[WORK INSTRUCTION] Omit every picture and return the rest of the data unaltered.

[DATASET EXTRACT]

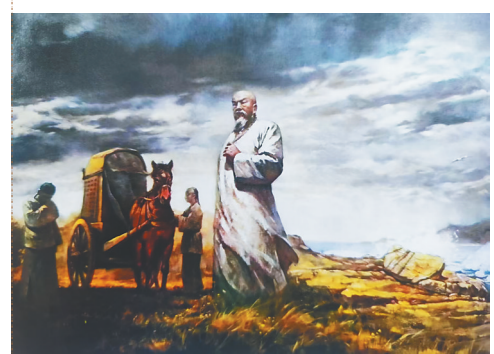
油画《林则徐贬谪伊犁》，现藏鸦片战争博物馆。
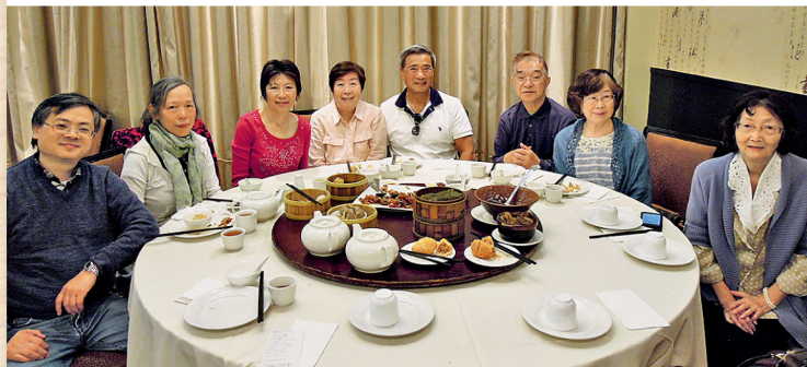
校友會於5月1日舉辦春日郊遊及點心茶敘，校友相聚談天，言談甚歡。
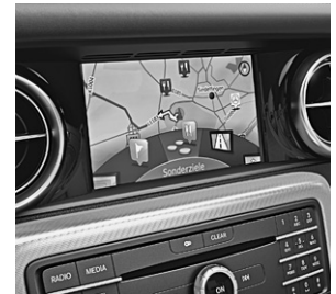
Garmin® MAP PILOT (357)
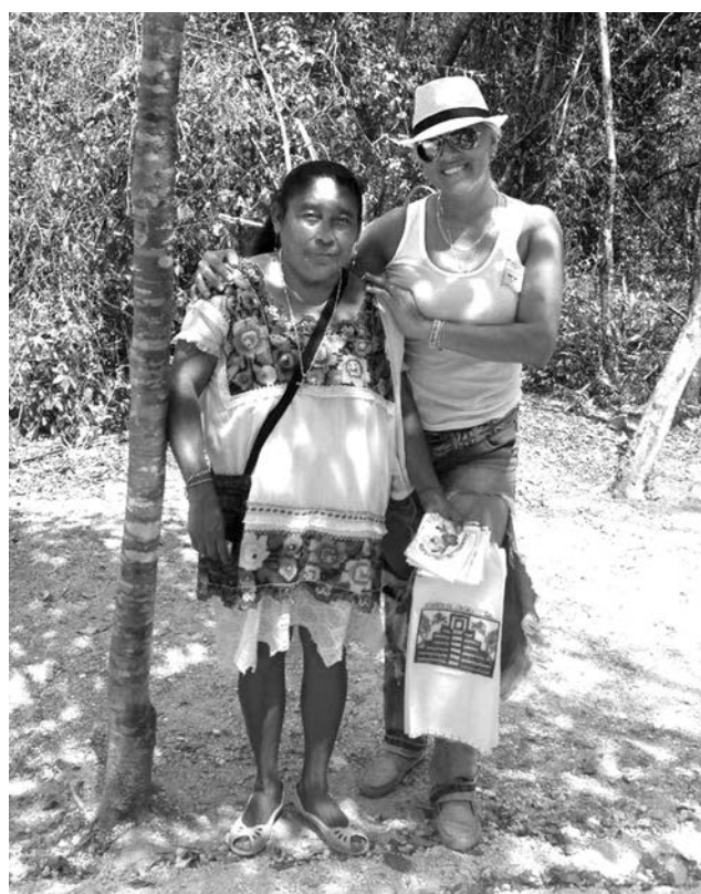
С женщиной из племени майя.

[FINISHED EXERCISE]
油画《林则徐贬谪伊犁》，现藏鸦片战争博物馆。
校友會於5月1日舉辦春日郊遊及點心茶敘，校友相聚談天，言談甚歡。
Garmin® MAP PILOT (357)
С женщиной из племени майя.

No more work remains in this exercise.